The analysis was defined and run in SIMLA. The results indicate that the pipeline would buckle at two sections, and that the maximum lateral displacement is estimated to be 4.6 m, with a maximum axial strain of 0.24%; see Figures 2 and 3.
The SIMLA results were compared with existing results from ANSYS analysis performed by Reinertsen Engineering as part of the detailed design process. The buckling shapes, moment and distributions of force are virtually identical. The maximum lateral displacements differed somewhat, being about 9% lower in ANSYS than indicated by SIMLA results; see Figure 3.
In order to enable the ANSYS analysis to be completed within a reasonable time, 8 m elements were used in the ANSYS model. The time required for analysis of an 8 m element model in SIMLA is less than 5 minutes on a 1.8 GHz AMD Opteron PC. In order to obtain more accurate results, an element length of 2 m was also utilised in SIMLA, requiring an elapsed time of 18 minutes. The short analysis time indicates that significantly larger sections of the pipe can be analysed in one go with SIMLA without problems.

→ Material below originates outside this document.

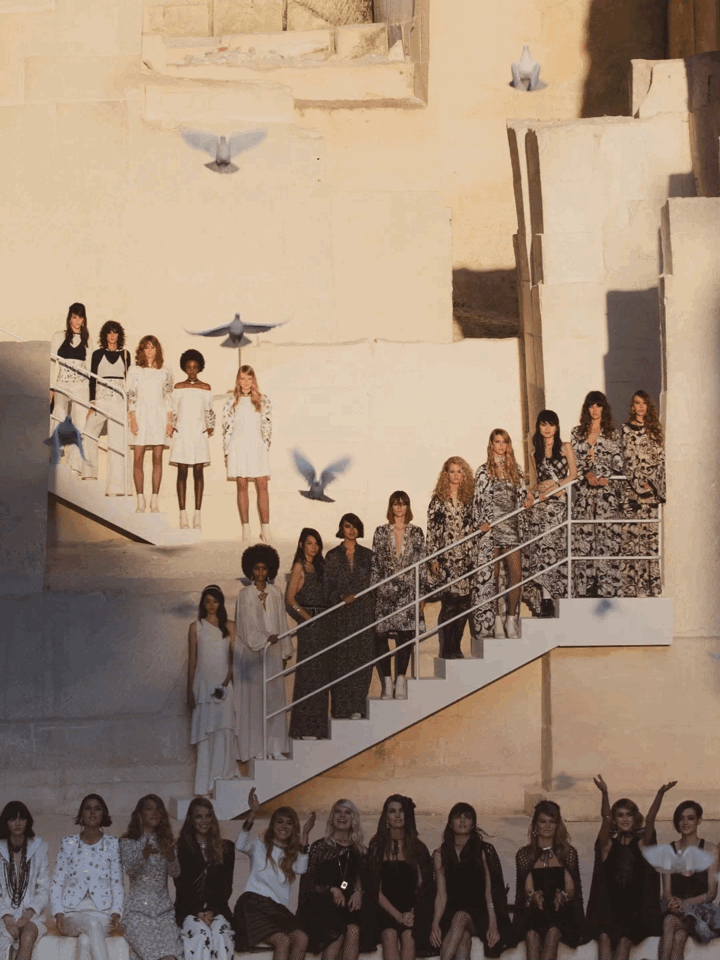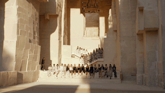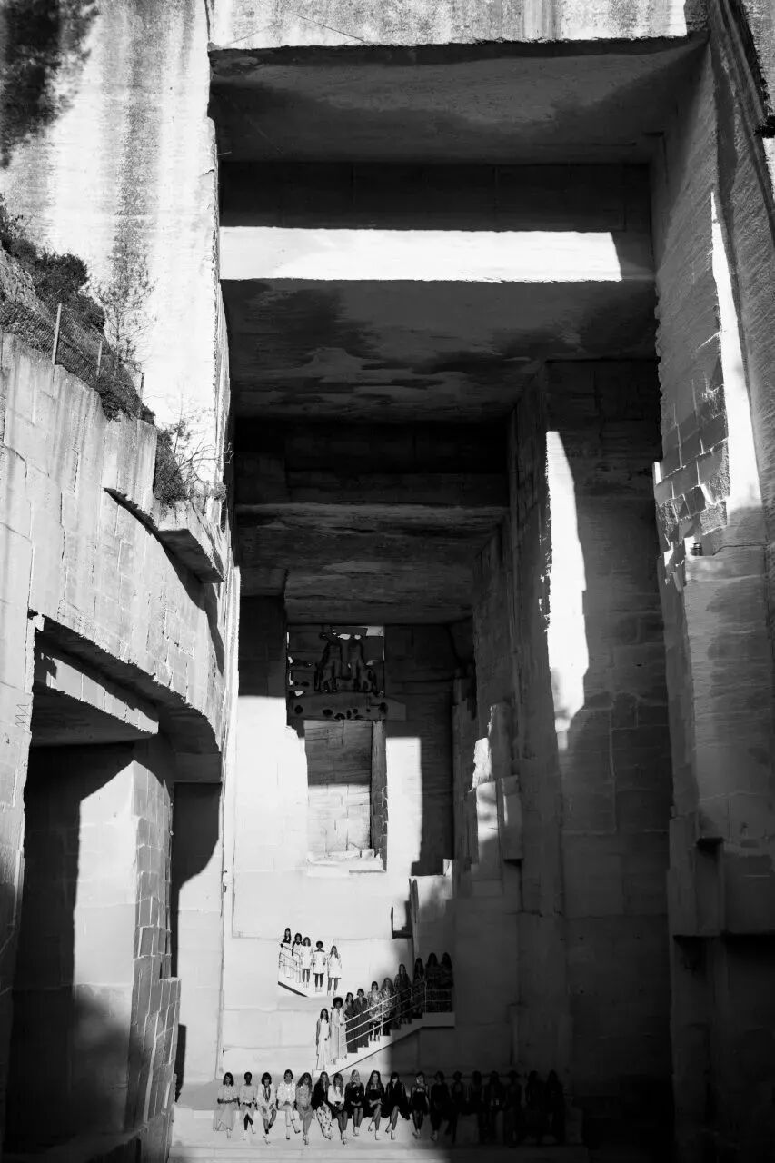 女孩们在岩石之间漫步,时髦的摩登女郎与历史古迹对话,产生了戏剧张力。最终模特们并肩坐在石阶上,放飞白鸽,象征着对和平未来的期待,历史、现在、未来在这一刹那交汇。

The existing analysis capabilities of SIMLA enable us to accurately predict and evaluate lateral buckling in subsea pipelines. Automatic algorithms and an engineering-friendly input format significantly simplify the pre-processing and model set-up stages. Efficient numerical routines make it possible to analyse long pipeline section with a high degree of accuracy in a matter of minutes.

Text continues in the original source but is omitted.